If you ever need more performance, you’d have to connect cards with multiple Edge or Movidius accelerators or use one M.2 or mini PCIe card equipped with Halio-8 NPU delivering a whopping 26 TOPS on a single chip.

Hailo-8 M.2 accelerator card key features and specifications:

AI Processor – 26 TOPS Hailo-8 with 3TOPS/W efficiency, and using a proprietary novel structure-driven Data Flow architecture instead of the usual Von Neumann architecture
Host interface – PCIe Gen-3.0, 4-lanes
Dimensions – 22 x 42 with breakable extensions to 22 x 60 and 22 x 80 mm (M.2 M-key form factor)

Hailo-8 Neural Networks AI Accelerator — Hailo-8 AI Accelerator chip block diagram

We don’t have specs for the mini PCIe card because it will launch a little later, but besides the form factor, it should offer the same features. The card supports Linux, and the company is working on Windows compatibility. Despite the different architecture, the card supports popular frameworks like TensorFlow and ONNX.

When looking at the performance chart released by Israeli startup Hailo, which pits Hailo-8 against Google Edge TPU and Intel Myriad X using popular ResNet and MobileNet models, I might as well titled this article as “Hailo-8 M.2 card mops the floor with Google Edge TPU and Intel Movidius Myriad X AI accelerators”.

The amount of AI processing power packed in such a tiny M.2 card is impressive, and it’s made possible by the higher 3 TOPS per watt efficiency compared to the typical ~~0.5 TOPS per watt~~ 0.5 Watt per TOPS (or 2 TOPS per Watt) advertised by competitors. So a 26 TOPS Hailo-8 card will consume around 8.6 W under a theoretical maximum load, while a 4 TOPS Google Coral M.2 card should consume about 2 W. [Update 2: After a conference call with Hailo, the company disputes Google efficiency numbers. You can find more details in a follow-up article discussing Hailo-8 AI processor and AI benchmarks.]

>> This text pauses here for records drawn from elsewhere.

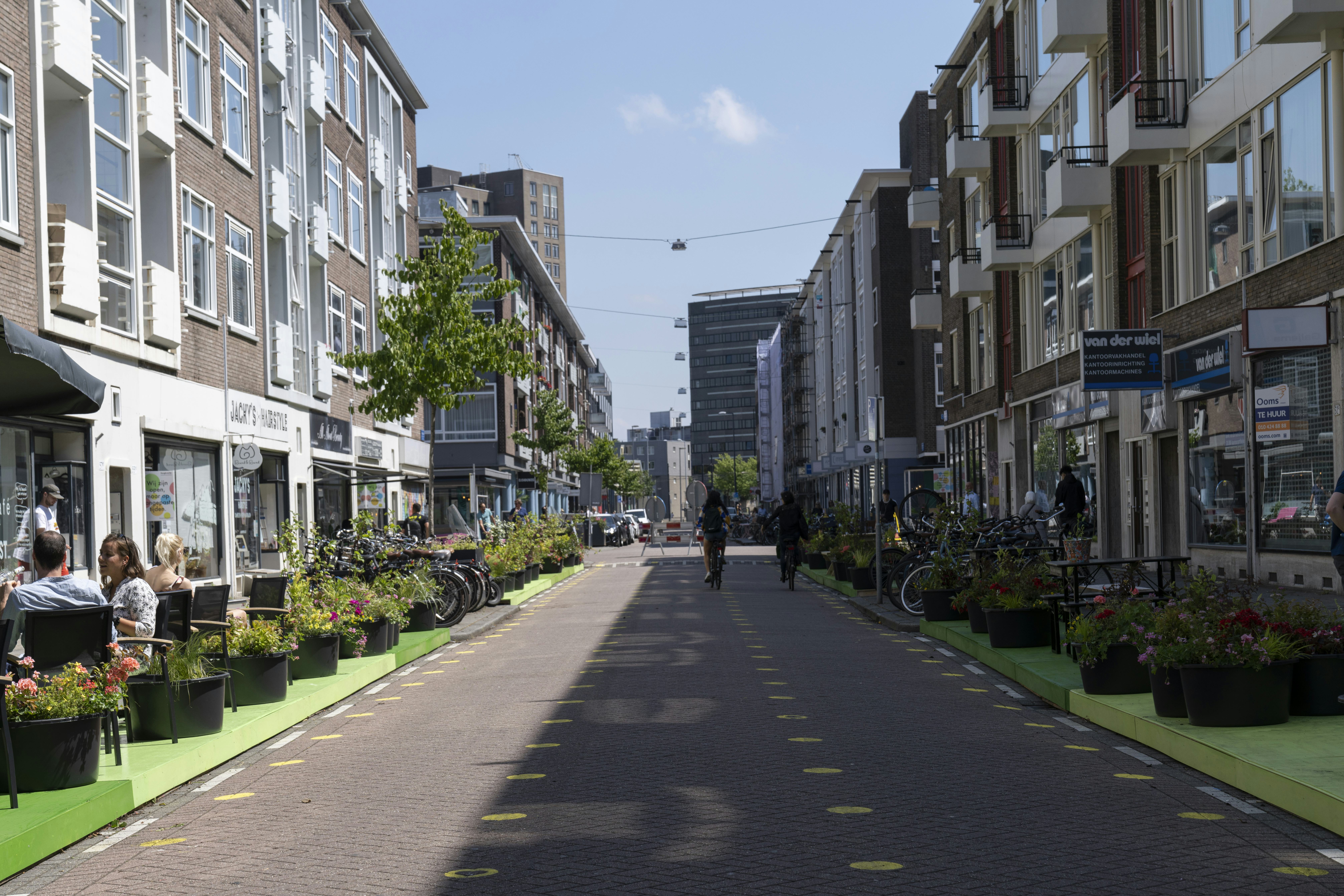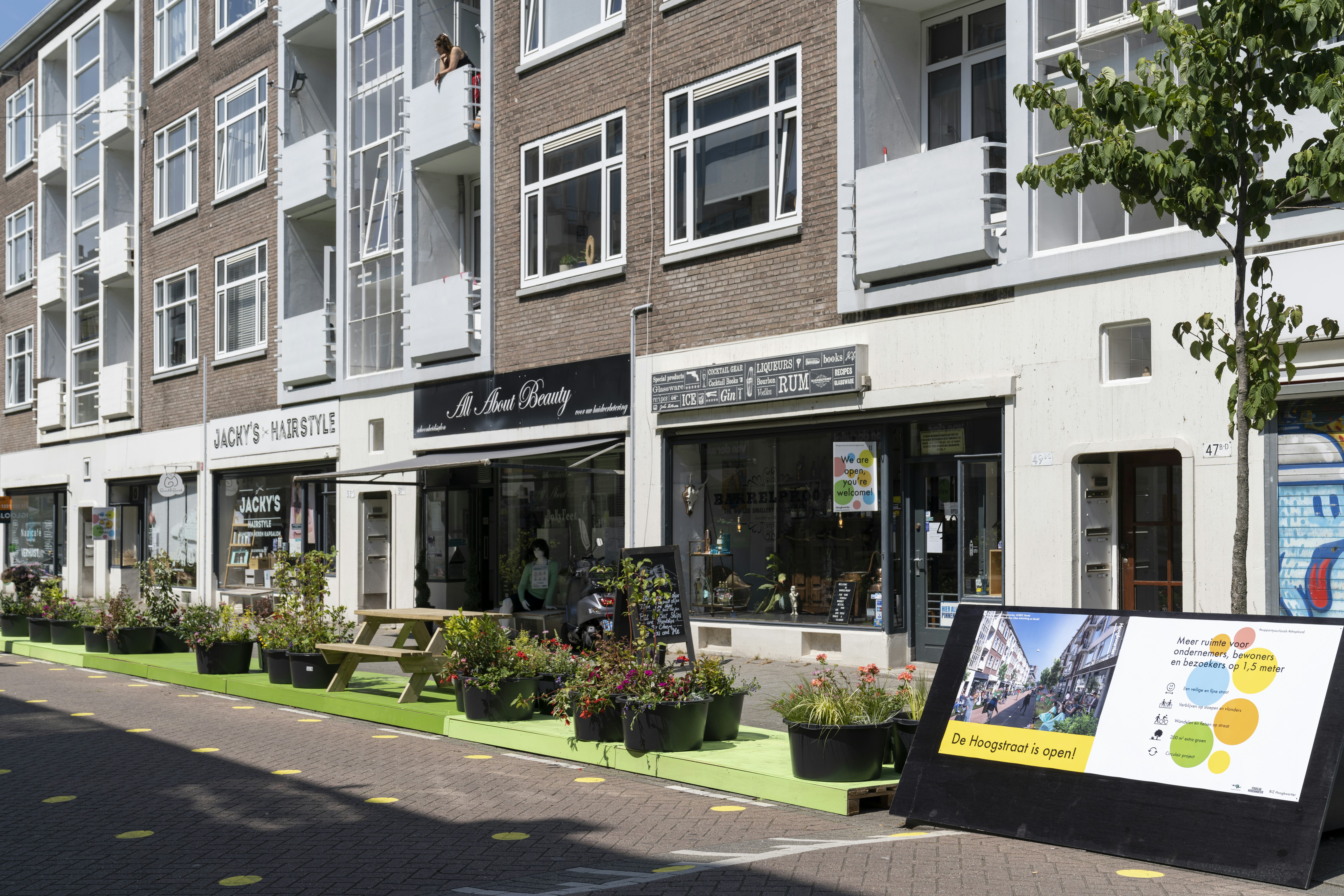 Binnen het programma ‘Rotterdam geeft de ruimte’ krijgen ondernemers tijdelijk meer ruimte. De stoepen op de Hoogstraat zijn te smal om de 1,5 meter afstand aan te houden of de terrassen uit te breiden. Er is een plan gemaakt waarin ook bewoners meer ruimte krijgen om deze zomer te genieten van hun straat. Het project wordt gefaseerd uitgerold. Het deel Hoogstraat tussen Kipstraat en Goudsewagenstraat is nu gereed. Daarna wordt geëvalueerd met de buurt om vervolgens ook het deel tot Oostplein te transformeren.
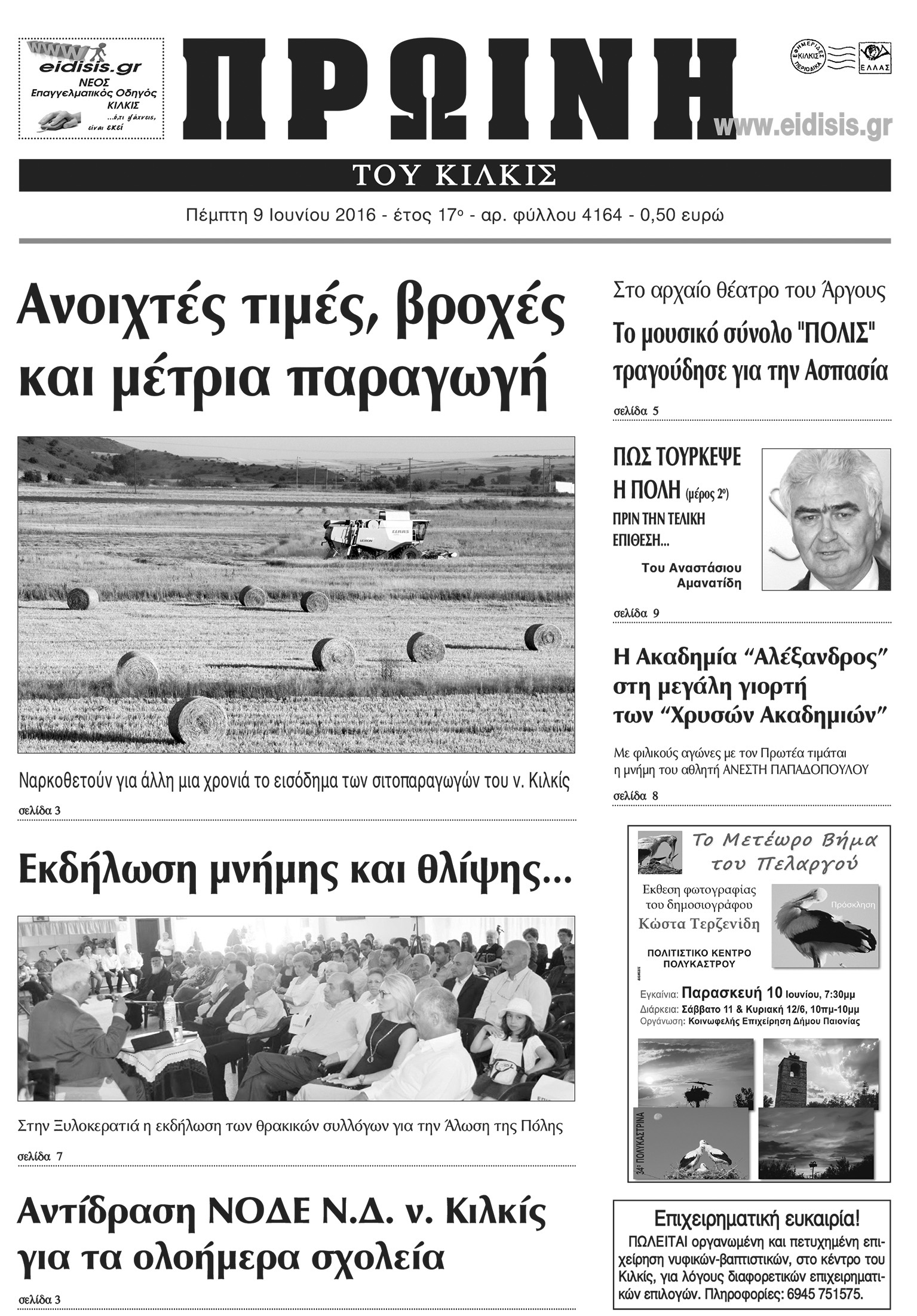 Πέντε χρόνια πριν. Διαβάστε τι έγραφε η καθημερινή εφημερίδα ΠΡΩΙΝΗ του Κιλκίς (9-6-2016)
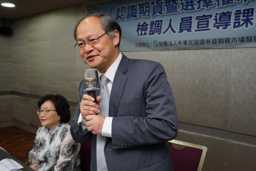 為增進各界對期貨市場的認識,「期貨產業發展基金」108 年度工作計畫之一即針對檢調人員辦理宣導課程,協助執法人員瞭解期貨選擇權市場管理規範、實務運作以及風險管理,進而維護市場交易安 全、保障交易人權益之目標,健全期貨產業發展。 本課程於108 年6 月14 日全日舉辦,包括各地檢署檢察官、檢 察事務官以及調查局官員代表等共51 位參加,開課前中華民國期貨 業商業同業公會吳桂茂秘書長及本基金會張麗真總經理並蒞會致詞 歡迎及感謝執法機構對本案之參與。 |
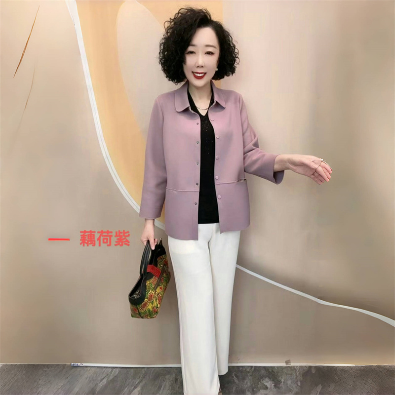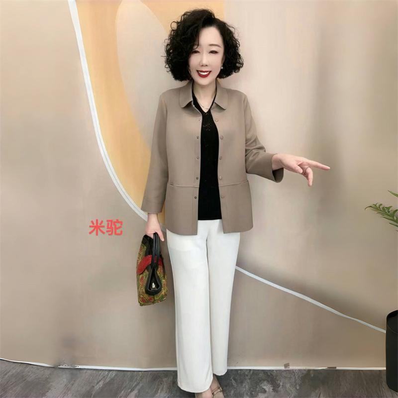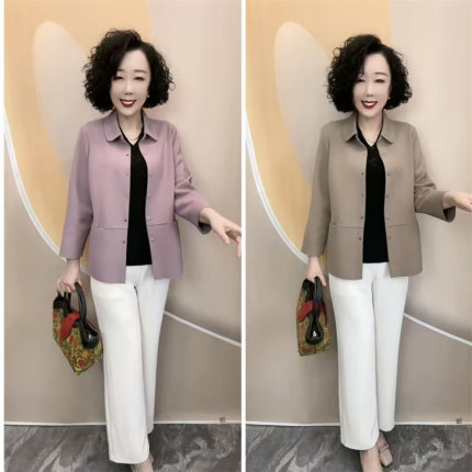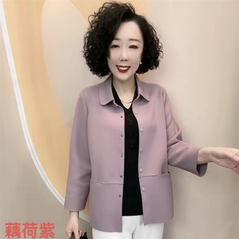 2025春秋新款宽松显瘦妈妈装翻领休闲衬衣弹力大码开衫薄款外套女
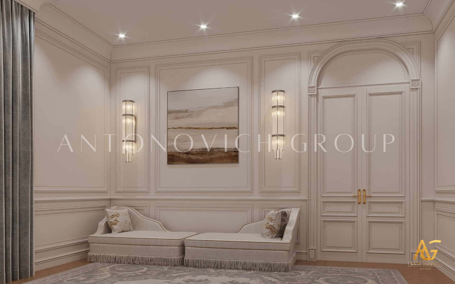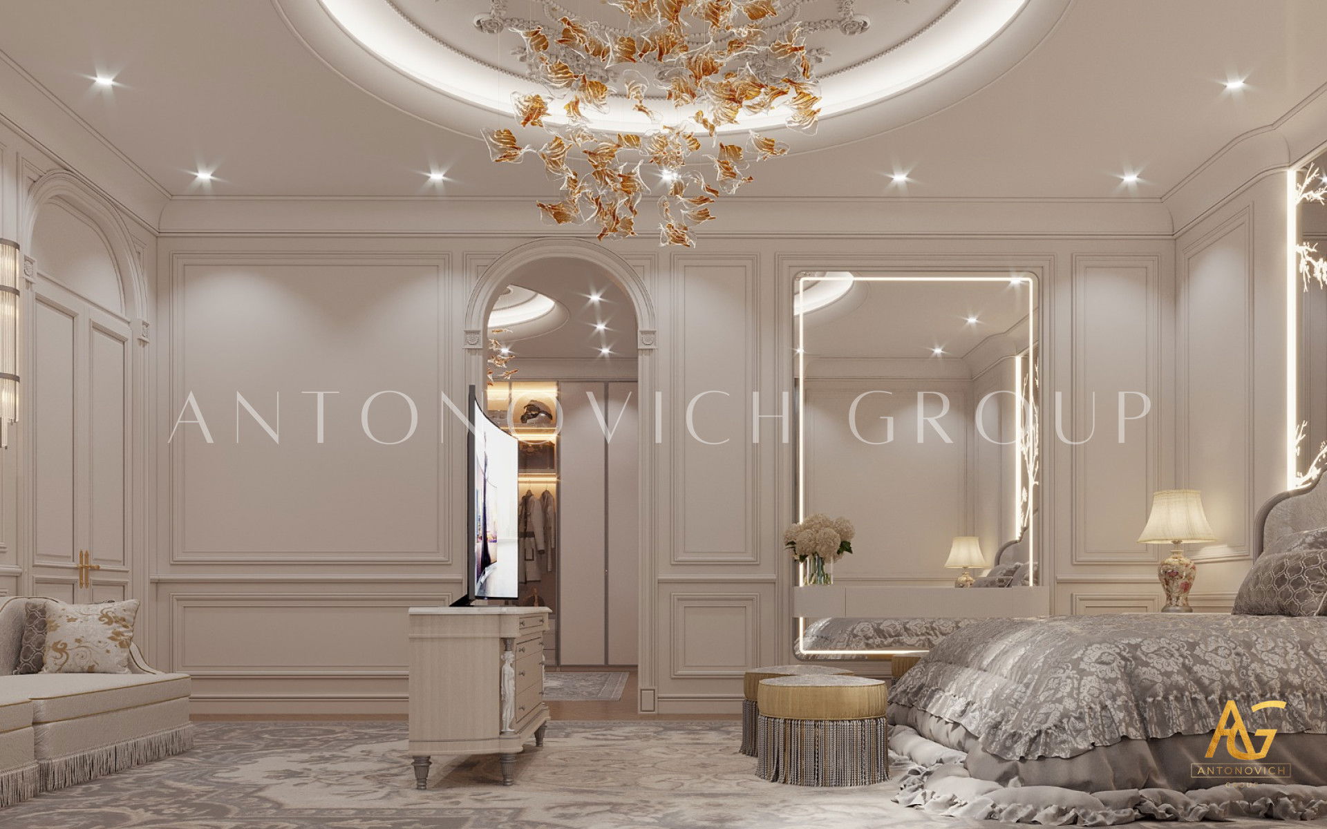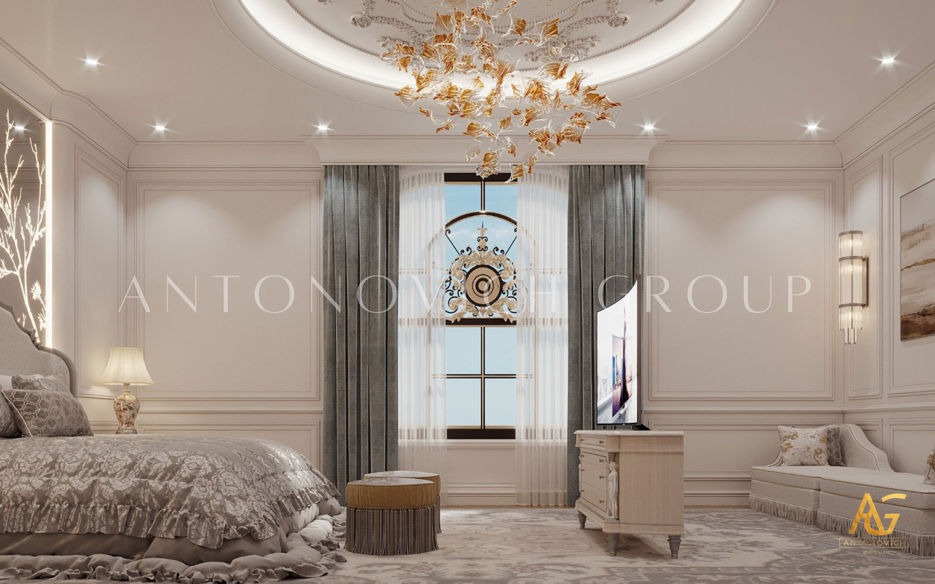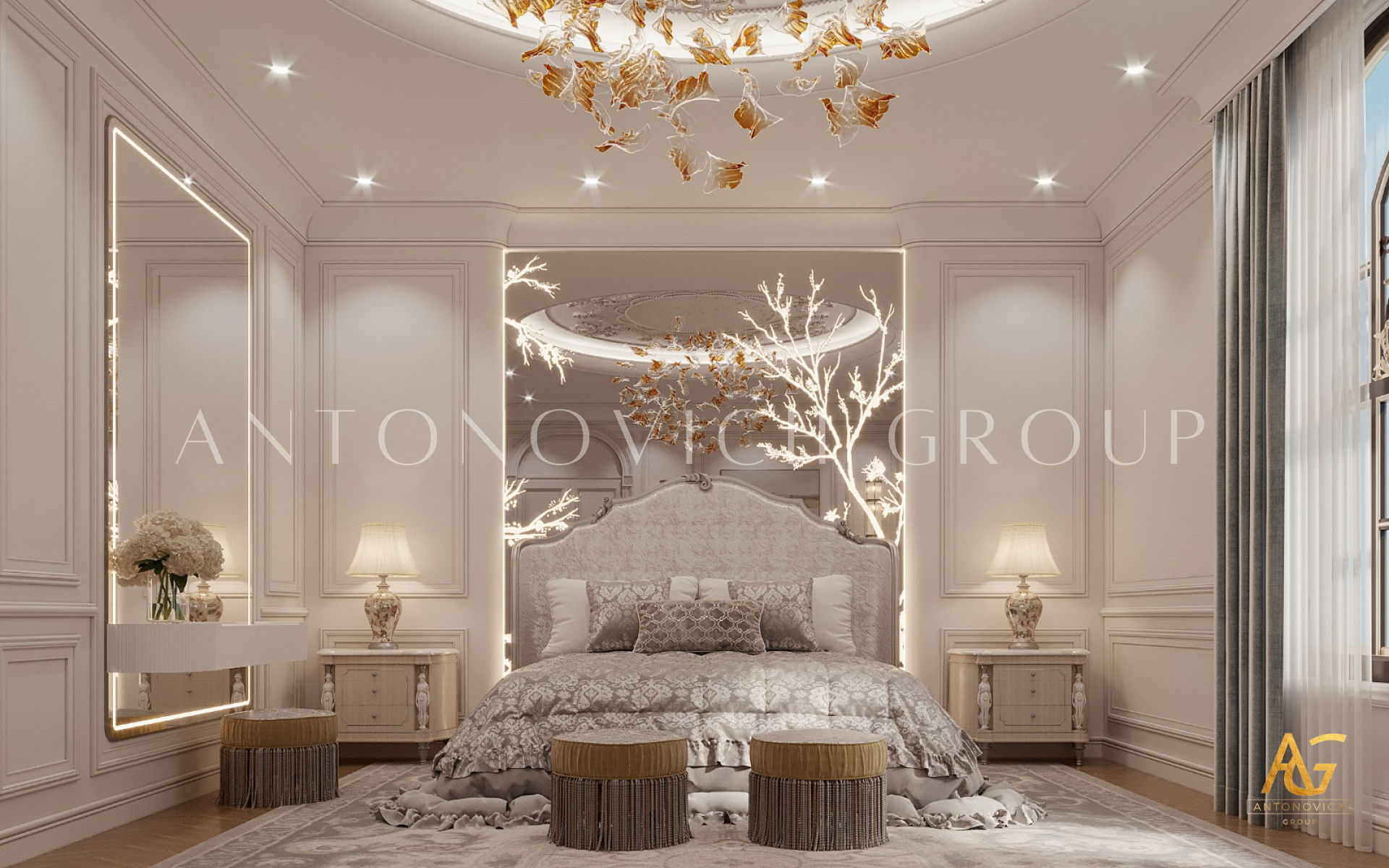 Другой цвет, применённый для создания роскошной атмосферы, — золото. Отдельные детали выполнены в золотом, и интерьер получает по-настоящему выразительную ауру, усиленную талантом Антонович Дизайн (Antonovich Design). Каждый элемент в этой большой роскошной спальне показывает свою роль в передаче роскоши. Детали заметны, и красивая комната обеспечивает комфортный сон каждую ночь. Это пример бирюзово-золотой интерьер спальни. В проекте подчёркнута цветовая палитра бирюзовый и золото. Мягкий текстиль для роскошной спальни гармонирует с декоративными элементами. Здесь подобрана мебель и детали для роскошной спальни, которые подчёркивают стиль и статус. Все элементы вместе создают атмосферу уюта и роскоши в спальне. Видна координация цветов в спальне класса люкс.
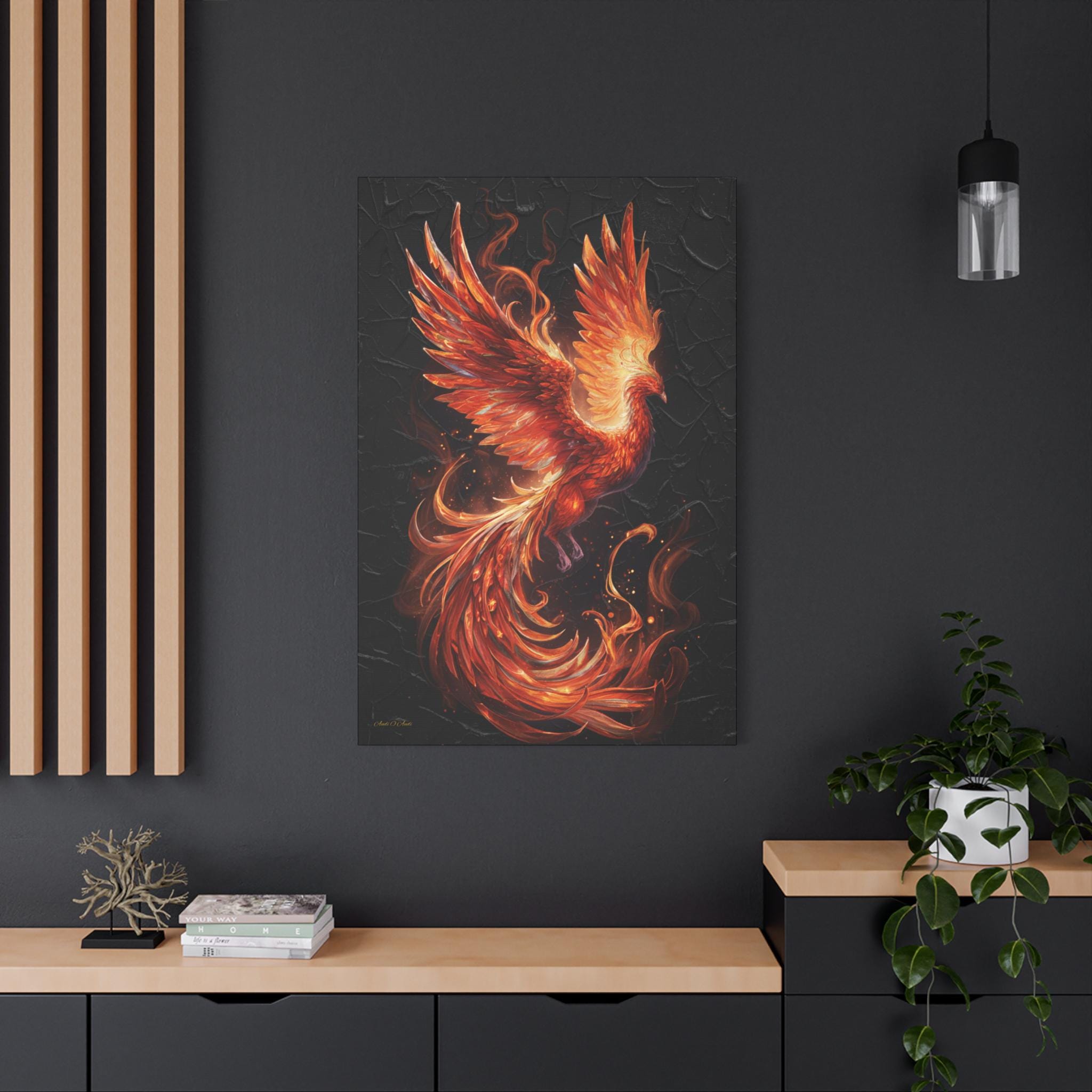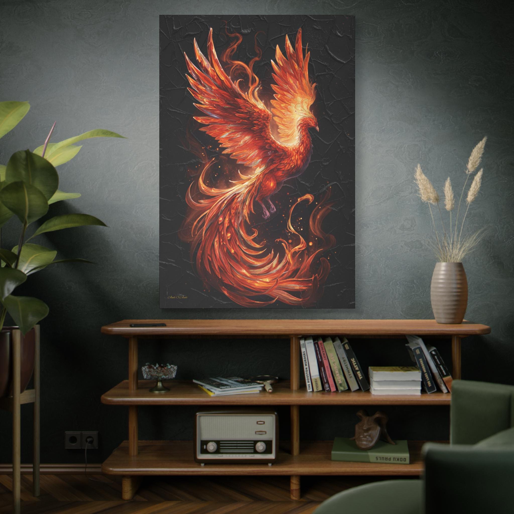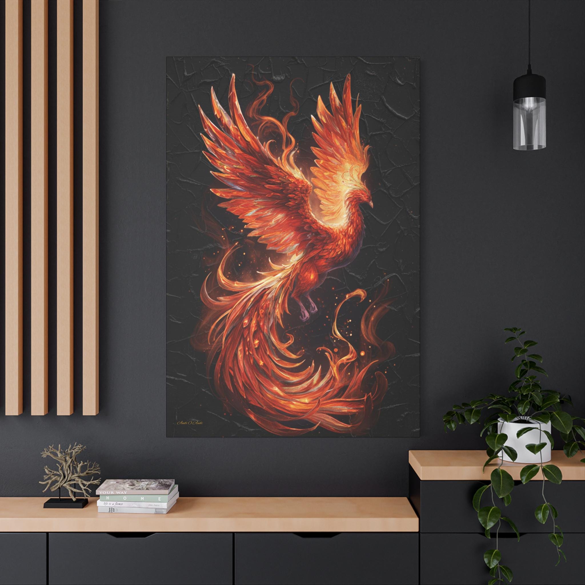 Impact: This print is an exceptional statement piece, symbolizing power, renewal, resurrection, and enduring spirit. It is ideally suited for modern, sophisticated spaces seeking a dramatic focal point and an infusion of intense, vibrant color.Product features

As noted by LinuxGizmos who alerted us of the new cards, Hailo-8 was previously seen integrated into Foxconn fanless “BOXiedge” AI edge server powered by SynQuacer SC2A11 24x Cortex-A53 cores SoC and capable of analyzing up to 20 streaming camera feeds in real-time.

More details about Hailo-8 M.2 card may be found on the product page, as well as the announcement mentioning the upcoming mini PCIe card.

Jean-Luc Aufranc (CNXSoft)

Jean-Luc started CNX Software in 2010 as a part-time endeavor, before quitting his job as a software engineering manager, and starting to write daily news, and reviews full time later in 2011.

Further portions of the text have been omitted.